■ **YOUR INSTRUCTIONS**:
All of the records need to be retyped exactly, with no line dropped.

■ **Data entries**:
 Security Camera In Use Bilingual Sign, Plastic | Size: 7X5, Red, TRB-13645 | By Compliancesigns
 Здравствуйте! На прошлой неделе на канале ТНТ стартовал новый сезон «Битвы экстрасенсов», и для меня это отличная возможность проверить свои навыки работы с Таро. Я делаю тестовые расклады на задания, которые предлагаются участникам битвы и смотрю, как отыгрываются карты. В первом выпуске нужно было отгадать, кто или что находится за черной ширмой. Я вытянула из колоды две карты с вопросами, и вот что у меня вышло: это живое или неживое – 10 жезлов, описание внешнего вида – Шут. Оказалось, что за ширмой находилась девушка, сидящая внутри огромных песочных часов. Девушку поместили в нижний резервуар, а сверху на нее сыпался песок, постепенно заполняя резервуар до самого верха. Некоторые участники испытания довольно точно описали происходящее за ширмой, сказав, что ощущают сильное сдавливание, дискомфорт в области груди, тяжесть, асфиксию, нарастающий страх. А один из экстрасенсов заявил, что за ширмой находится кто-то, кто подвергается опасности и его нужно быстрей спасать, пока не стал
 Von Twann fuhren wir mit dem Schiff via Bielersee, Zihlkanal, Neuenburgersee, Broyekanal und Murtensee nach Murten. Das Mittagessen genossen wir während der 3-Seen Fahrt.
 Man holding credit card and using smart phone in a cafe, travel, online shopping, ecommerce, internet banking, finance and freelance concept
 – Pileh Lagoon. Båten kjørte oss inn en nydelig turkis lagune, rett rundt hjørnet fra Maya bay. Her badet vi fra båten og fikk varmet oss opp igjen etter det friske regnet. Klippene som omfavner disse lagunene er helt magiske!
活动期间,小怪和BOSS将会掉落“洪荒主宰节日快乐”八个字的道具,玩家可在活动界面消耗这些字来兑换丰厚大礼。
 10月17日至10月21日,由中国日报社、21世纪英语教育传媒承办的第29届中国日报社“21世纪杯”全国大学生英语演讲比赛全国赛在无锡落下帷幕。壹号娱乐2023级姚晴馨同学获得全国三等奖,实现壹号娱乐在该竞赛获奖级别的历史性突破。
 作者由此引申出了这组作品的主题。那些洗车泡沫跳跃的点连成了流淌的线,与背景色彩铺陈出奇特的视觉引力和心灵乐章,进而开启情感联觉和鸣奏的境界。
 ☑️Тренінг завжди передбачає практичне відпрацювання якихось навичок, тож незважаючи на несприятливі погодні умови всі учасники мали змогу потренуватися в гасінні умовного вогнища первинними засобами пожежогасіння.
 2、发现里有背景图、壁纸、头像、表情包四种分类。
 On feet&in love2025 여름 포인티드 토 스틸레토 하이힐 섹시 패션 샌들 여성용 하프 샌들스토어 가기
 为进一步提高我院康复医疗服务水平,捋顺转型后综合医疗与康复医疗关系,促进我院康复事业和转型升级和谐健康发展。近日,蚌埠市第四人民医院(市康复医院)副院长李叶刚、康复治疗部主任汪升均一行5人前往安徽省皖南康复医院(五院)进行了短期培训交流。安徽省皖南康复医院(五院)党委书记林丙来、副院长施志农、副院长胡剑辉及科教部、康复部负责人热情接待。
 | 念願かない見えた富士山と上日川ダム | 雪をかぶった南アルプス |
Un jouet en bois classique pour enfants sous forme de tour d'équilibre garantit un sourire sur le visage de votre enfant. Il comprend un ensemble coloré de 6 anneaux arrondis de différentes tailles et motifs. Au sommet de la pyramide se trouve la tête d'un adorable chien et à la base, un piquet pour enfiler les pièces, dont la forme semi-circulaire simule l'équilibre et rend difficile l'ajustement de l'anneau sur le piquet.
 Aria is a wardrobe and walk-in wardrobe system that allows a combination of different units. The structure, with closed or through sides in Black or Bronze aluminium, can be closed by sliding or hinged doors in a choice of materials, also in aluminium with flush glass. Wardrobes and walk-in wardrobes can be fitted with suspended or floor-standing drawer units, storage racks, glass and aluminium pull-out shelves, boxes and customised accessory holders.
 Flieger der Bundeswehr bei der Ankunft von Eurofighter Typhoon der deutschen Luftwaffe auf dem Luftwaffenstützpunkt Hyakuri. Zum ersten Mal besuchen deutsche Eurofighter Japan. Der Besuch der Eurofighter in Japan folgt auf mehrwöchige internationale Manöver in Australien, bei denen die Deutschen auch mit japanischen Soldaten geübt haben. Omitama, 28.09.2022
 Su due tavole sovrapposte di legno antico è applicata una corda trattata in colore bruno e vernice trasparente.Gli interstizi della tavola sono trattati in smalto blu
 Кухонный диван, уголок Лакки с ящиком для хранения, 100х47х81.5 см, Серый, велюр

■ **RESPONSE FOR THIS EXERCISE**:
 Security Camera In Use Bilingual Sign, Plastic | Size: 7X5, Red, TRB-13645 | By Compliancesigns
 Здравствуйте! На прошлой неделе на канале ТНТ стартовал новый сезон «Битвы экстрасенсов», и для меня это отличная возможность проверить свои навыки работы с Таро. Я делаю тестовые расклады на задания, которые предлагаются участникам битвы и смотрю, как отыгрываются карты. В первом выпуске нужно было отгадать, кто или что находится за черной ширмой. Я вытянула из колоды две карты с вопросами, и вот что у меня вышло: это живое или неживое – 10 жезлов, описание внешнего вида – Шут. Оказалось, что за ширмой находилась девушка, сидящая внутри огромных песочных часов. Девушку поместили в нижний резервуар, а сверху на нее сыпался песок, постепенно заполняя резервуар до самого верха. Некоторые участники испытания довольно точно описали происходящее за ширмой, сказав, что ощущают сильное сдавливание, дискомфорт в области груди, тяжесть, асфиксию, нарастающий страх. А один из экстрасенсов заявил, что за ширмой находится кто-то, кто подвергается опасности и его нужно быстрей спасать, пока не стал
 Von Twann fuhren wir mit dem Schiff via Bielersee, Zihlkanal, Neuenburgersee, Broyekanal und Murtensee nach Murten. Das Mittagessen genossen wir während der 3-Seen Fahrt.
 Man holding credit card and using smart phone in a cafe, travel, online shopping, ecommerce, internet banking, finance and freelance concept
 – Pileh Lagoon. Båten kjørte oss inn en nydelig turkis lagune, rett rundt hjørnet fra Maya bay. Her badet vi fra båten og fikk varmet oss opp igjen etter det friske regnet. Klippene som omfavner disse lagunene er helt magiske!
活动期间,小怪和BOSS将会掉落“洪荒主宰节日快乐”八个字的道具,玩家可在活动界面消耗这些字来兑换丰厚大礼。
 10月17日至10月21日,由中国日报社、21世纪英语教育传媒承办的第29届中国日报社“21世纪杯”全国大学生英语演讲比赛全国赛在无锡落下帷幕。壹号娱乐2023级姚晴馨同学获得全国三等奖,实现壹号娱乐在该竞赛获奖级别的历史性突破。
 作者由此引申出了这组作品的主题。那些洗车泡沫跳跃的点连成了流淌的线,与背景色彩铺陈出奇特的视觉引力和心灵乐章,进而开启情感联觉和鸣奏的境界。
 ☑️Тренінг завжди передбачає практичне відпрацювання якихось навичок, тож незважаючи на несприятливі погодні умови всі учасники мали змогу потренуватися в гасінні умовного вогнища первинними засобами пожежогасіння.
 2、发现里有背景图、壁纸、头像、表情包四种分类。
 On feet&in love2025 여름 포인티드 토 스틸레토 하이힐 섹시 패션 샌들 여성용 하프 샌들스토어 가기
 为进一步提高我院康复医疗服务水平,捋顺转型后综合医疗与康复医疗关系,促进我院康复事业和转型升级和谐健康发展。近日,蚌埠市第四人民医院(市康复医院)副院长李叶刚、康复治疗部主任汪升均一行5人前往安徽省皖南康复医院(五院)进行了短期培训交流。安徽省皖南康复医院(五院)党委书记林丙来、副院长施志农、副院长胡剑辉及科教部、康复部负责人热情接待。
 | 念願かない見えた富士山と上日川ダム | 雪をかぶった南アルプス |
Un jouet en bois classique pour enfants sous forme de tour d'équilibre garantit un sourire sur le visage de votre enfant. Il comprend un ensemble coloré de 6 anneaux arrondis de différentes tailles et motifs. Au sommet de la pyramide se trouve la tête d'un adorable chien et à la base, un piquet pour enfiler les pièces, dont la forme semi-circulaire simule l'équilibre et rend difficile l'ajustement de l'anneau sur le piquet.
 Aria is a wardrobe and walk-in wardrobe system that allows a combination of different units. The structure, with closed or through sides in Black or Bronze aluminium, can be closed by sliding or hinged doors in a choice of materials, also in aluminium with flush glass. Wardrobes and walk-in wardrobes can be fitted with suspended or floor-standing drawer units, storage racks, glass and aluminium pull-out shelves, boxes and customised accessory holders.
 Flieger der Bundeswehr bei der Ankunft von Eurofighter Typhoon der deutschen Luftwaffe auf dem Luftwaffenstützpunkt Hyakuri. Zum ersten Mal besuchen deutsche Eurofighter Japan. Der Besuch der Eurofighter in Japan folgt auf mehrwöchige internationale Manöver in Australien, bei denen die Deutschen auch mit japanischen Soldaten geübt haben. Omitama, 28.09.2022
 Su due tavole sovrapposte di legno antico è applicata una corda trattata in colore bruno e vernice trasparente.Gli interstizi della tavola sono trattati in smalto blu
 Кухонный диван, уголок Лакки с ящиком для хранения, 100х47х81.5 см, Серый, велюр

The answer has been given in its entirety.